Сара положила ключи на письменный столик, взяла перо и на обороте письма, написанного под диктовку покойницы, прибавила следующие строки:
Ежели эта бумага когда-либо будет найдена (молюсь всем сердцем, чтобы этого никогда не случилось), да будет известно, что я решилась скрыть ее, потому что не осмеливаюсь показать ее содержание моему господину, которому она адресована. Поступая так, я действую против последней воли моей госпожи, но не нарушаю клятвы, данной ей на смертном одре. Эта клятва запрещает мне уничтожить письмо или унести его с собой, если я оставлю дом. Я не делаю ни того ни другого. Моя цель спрятать его в таком месте, где, как мне кажется, меньше всего шансов, что его снова найдут. Все трудности или несчастья, которые могут последовать в результате этого обманного поступка, лягут только на меня. Другие, я искренне верю, будут счастливее оттого, что я скрыла страшную тайну, которую содержит это письмо.
Она подписала свое имя под этими строками, поспешно придавила промокательную бумагу, лежавшую на столе вместе с прочими письменными принадлежностями, потом сложила листок, схватила ключи и, озираясь, словно боялась, что за ней подсматривают, вышла из комнаты. Все ее движения, с тех пор как она вошла в эту комнату, были торопливы и порывисты она боялась дать себе хоть единую минуту на размышления.
Выйдя из комнаты экономки, она поднялась по черной лестнице и отперла дверь на самом верху. Взвилось облако пыли. Заплесневелая прохлада заставила ее вздрогнуть, когда она пересекла большой каменный холл, где на стенах висело несколько черных старинных семейных портретов, холсты которых выпадали из рам. Поднявшись еще по лестнице, она дошла до длинного ряда дверей на втором этаже северной стороны дома.

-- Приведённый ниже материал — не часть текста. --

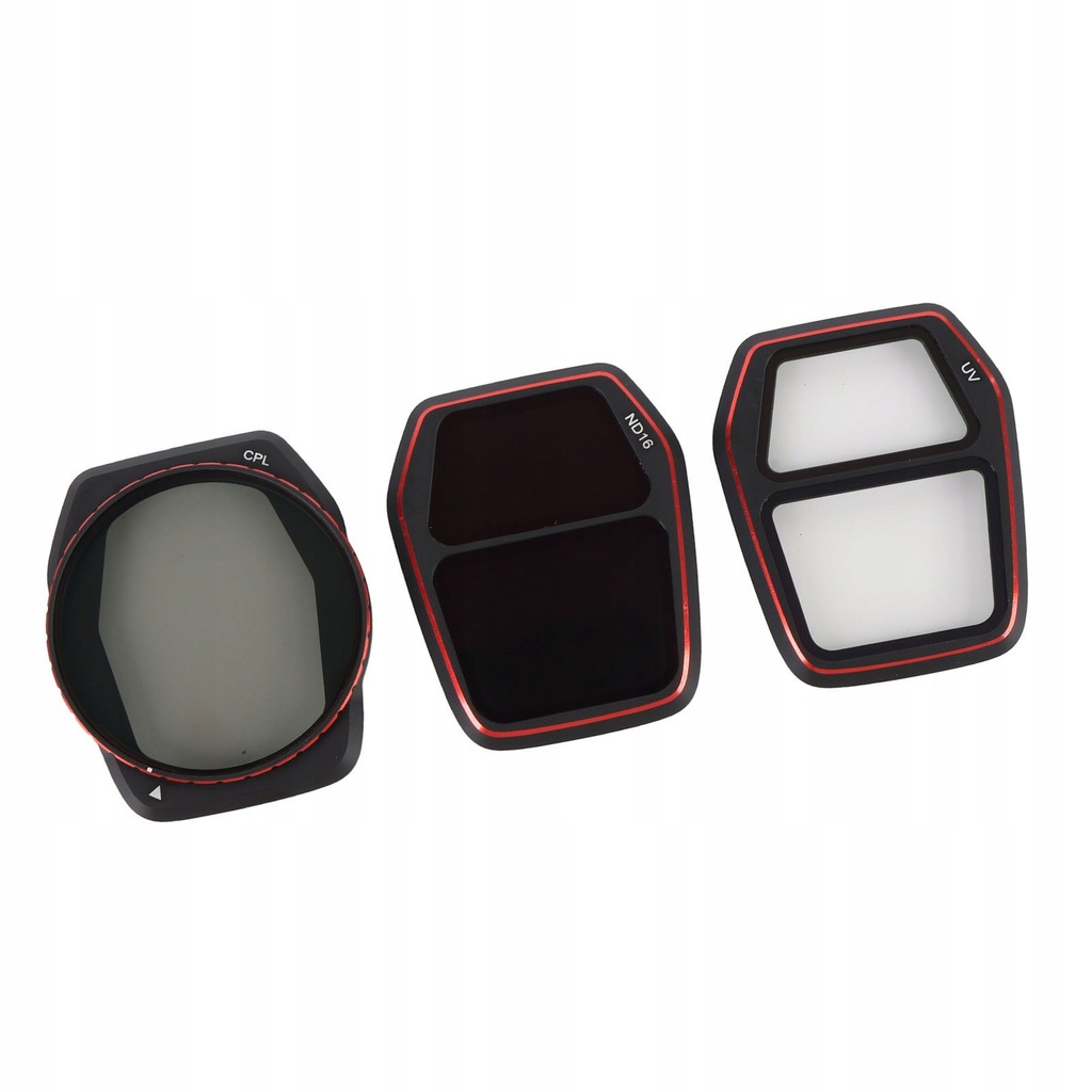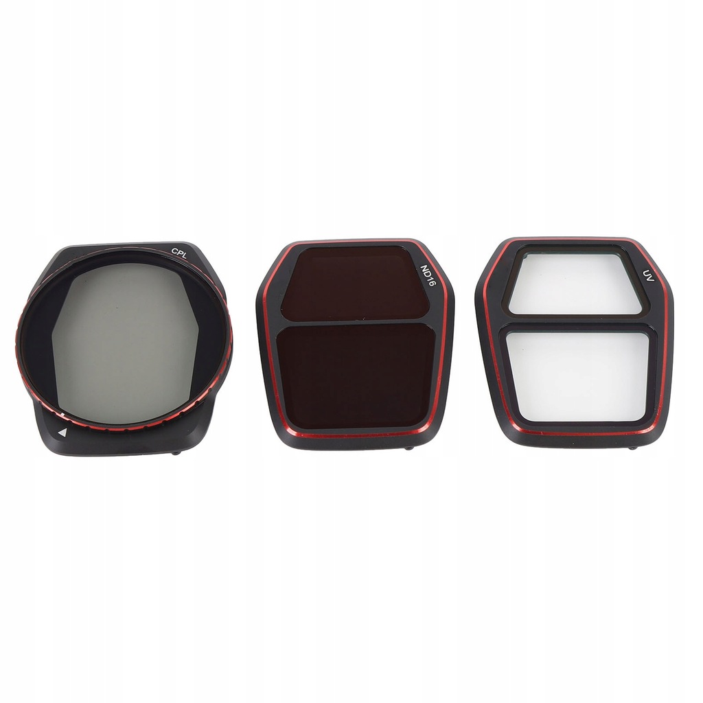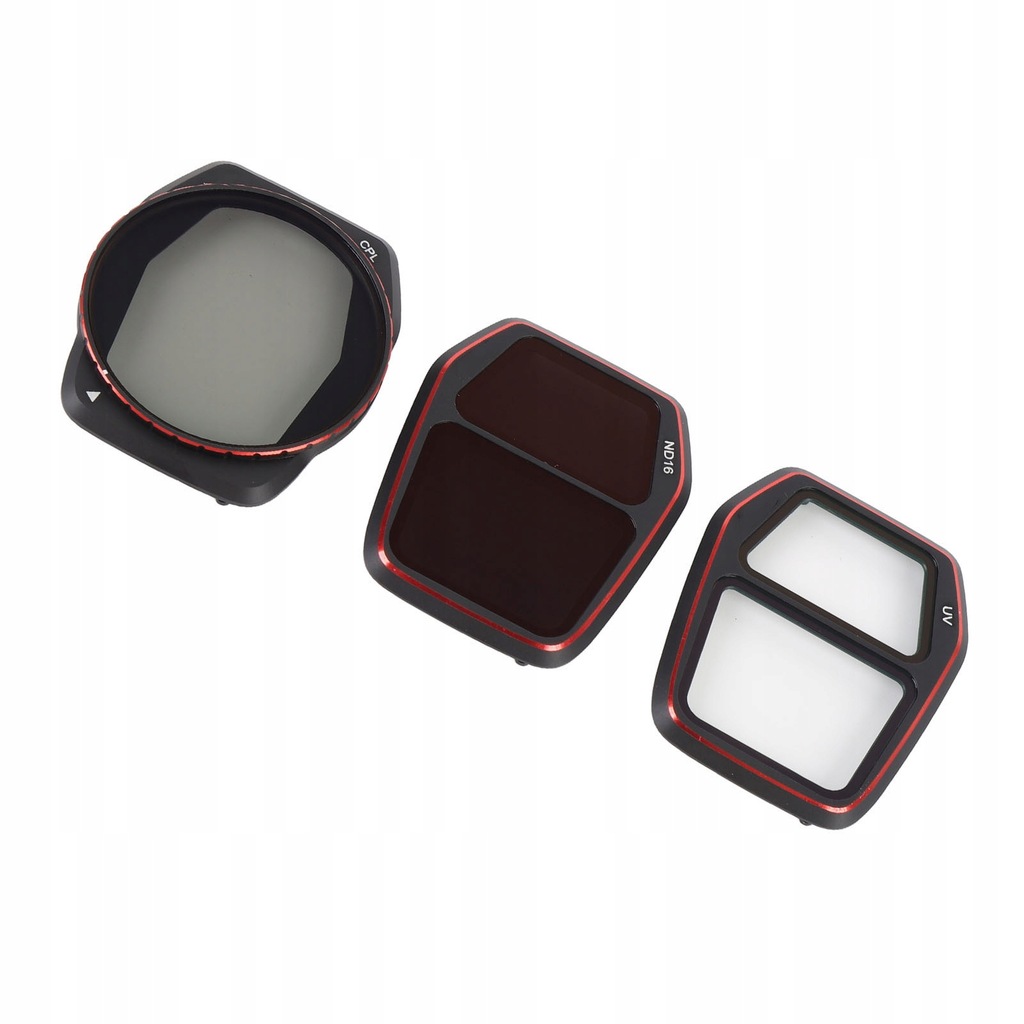 2. Zestaw filtrów UV CPL ND: Filtr ND16 skutecznie zapobiega prześwietleniu i podnosi jakość obrazu. Filtr CPL pomaga zredukować niepożądane odbicia od powierzchni, co poprawi kolor i wyrazistość zdjęć lotniczych. Filtr UV chroni obiektyw przed zarysowaniami, kurzem i szkodliwym promieniowaniem UV, dzięki czemu obrazy są ostrzejsze i bardziej urzekające.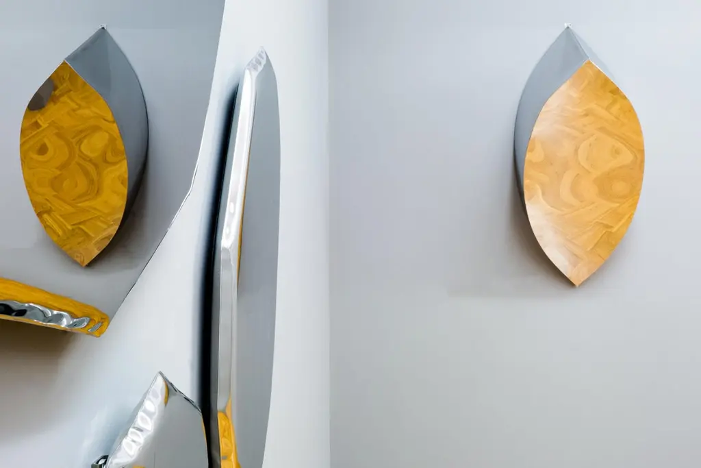 Mirror or Wall Mounted Object Lezka by ZietaMaterial & finish: Polished Stainless steelDimensionsHeight: 121.00 cmWidth: 58.00 cmDepth: 61.00 cmExperimental formA minimalist and delicate object alluding to the shape known as vesica piscis or mandorla. LEZKA is an experimentally crafted mirror-like wall sculpture, made from stainless steel and manufactured in FiDU technology.The power of proportionThe almond-shaped front of LEZKA is reminiscent of the powerful symbol of the gate of life or womb of the universe. In Greek and Roman mythology it was associated with fecundity, procreation, and renewing of life. On the other hand, the Pythagoreans identified this symbol with the perfect mixture of masculine and feminine energy. In Oskar Zieta’s reinterpretation of this multifaceted shape, it becomes a geometric play of surfaces. A piece of cut and closed-up air-blown steel profile becomes a mirror that reflects myths and contemporary beliefs. Every reflection it produces alludes to the symbolic dimension of Euclidean geometry and the power of cultural heritage.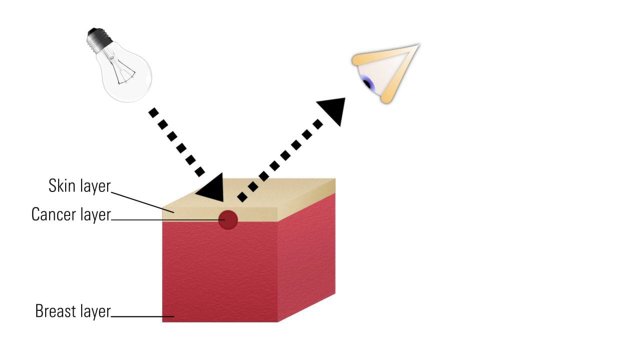 Wetenschappers van de Universiteit Twente, die zich bezighouden met de optische eigenschappen van menselijk weefsel, wilden weten of het mogelijk was dat een borsttumor inderdaad verantwoordelijk was voor de verkleuring van de borst. Ze simuleerden miljoenen fotonen (“lichtdeeltjes”) met verschillende golflengtes die op een borst met daarin een tumor werden afgevuurd. Vervolgens keken ze hoeveel fotonen er weer terugkwamen en als welke kleur het menselijk brein het terugkerende licht zou interpreteren.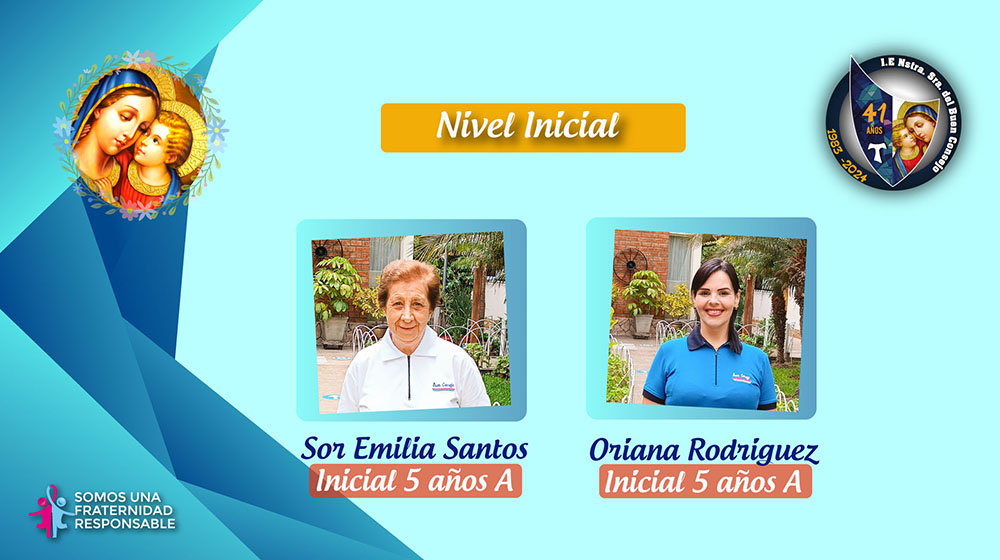 PERSONAL DIRECTIVODirectora GeneralSor Juana Jorge GarcíaSub Directora AdministrativaSor Emilia Santos SantosEquipo Directivo Item de carrusel 01Directora GeneralSor Juana Jorge GarcíaItem de carrusel 02Sor Emilia Santos SantosSub Directora AdministrativaItem de carrusel 04Lic. Rosa María Torres TorresJefe de Norma y ConvivenciaCoordinadora de TutoríaItem de carrusel 03Juan Antonio Ruiz GutiérrezCoordinador de PastoralCoordinaciones Item de carrusel 03Mg. Lourdes Echavigorín VargasCoordinadora de 5to de primaria a 5to de secundariaItem de carrusel 04Mg. Mónica Dávila Paz Coordinadora de Inicial a 4to grado de PrimariaCoordinadora de ActividadesItem de carrusel 02Juan Antonio RuizCoordinador PastoralPersonal Educativo Inicial Primaria Secundaria Administrativo Asesorías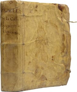 [Eguaguirre Ybalaunza]. Papeles de la Casa Eguaguirre ybelaunza. S.l.n.d. Fort volume in-folio, vélin souple à lacets, dos lisse, gardes refaites (Reliure de l’époque). Manuscrit de [460] ff. copiés par différentes mains, avec 3 tableaux...
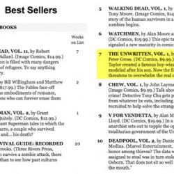 On the right is the current best seller list in graphic novel category.I cannot stress enough! The Unwritten is a very well written, mysterious, intellectual and interesting story. Definitely not your kids’ comic book. And, I am not saying this because I do the covers. It is REALLY good.
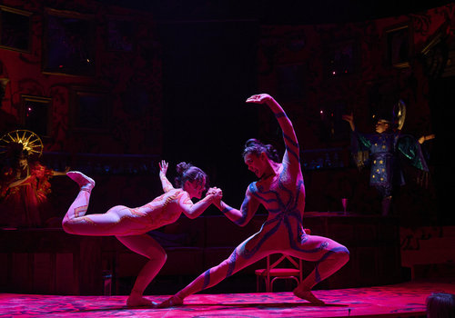 Opera Singers (actors L-R, Shelby Griswold* and Bóe Wanks*) sing as the dancers (actors l to r, Bella Serrano* and Benjamin Michael Hall) perform to their song in the Great Lakes Theater production of NATASHA, PIERRE & THE GREAT COMET OF 1812 at the Hanna Theatre, Playhouse Square running through October 8. (Photo by Roger Mastroianni)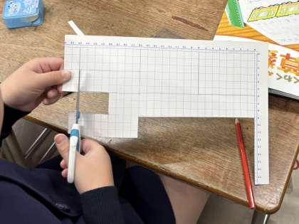 はこの形を紙に写し取ったり、工作用紙ではこを作ったりしながら、「どのはこも面の数は6つだ。」「同じ形の面が2つずつある。」など、たくさんのことに気付きました。

Она опустилась на колени возле одной из дверей, положила письмо рядом с собой, заглянула в замочную скважину и начала подбирать ключ. Это было нелегкое дело: волнение было так сильно, что она еле-еле могла отделять один ключ от другого. Наконец ей удалось открыть дверь. Сухой, удушливый воздух окутал ее, когда она наклонилась за письмом. Она отшатнулась и попятилась было к лестнице. Но решимость возвратилась к ней мгновенно.
Теперь я не могу уйти! сказала она и вошла в комнату.
Сара оставалась там не более трех минут. Когда она вышла, лицо ее было белым от страха, а в руке, в которой она держала письмо, больше ничего не было, кроме маленького ржавого ключа.
Заперев дверь, она внимательно осмотрела большую связку ключей. Кроме ярлычка из слоновой кости, прикрепленного к кольцу, к связке было привязано еще несколько клочков пергамента с названиями комнат. И у ее ключа была такая бирка. Сара повернулась к свету и прочла потускневшую от времени надпись: Миртовая комната.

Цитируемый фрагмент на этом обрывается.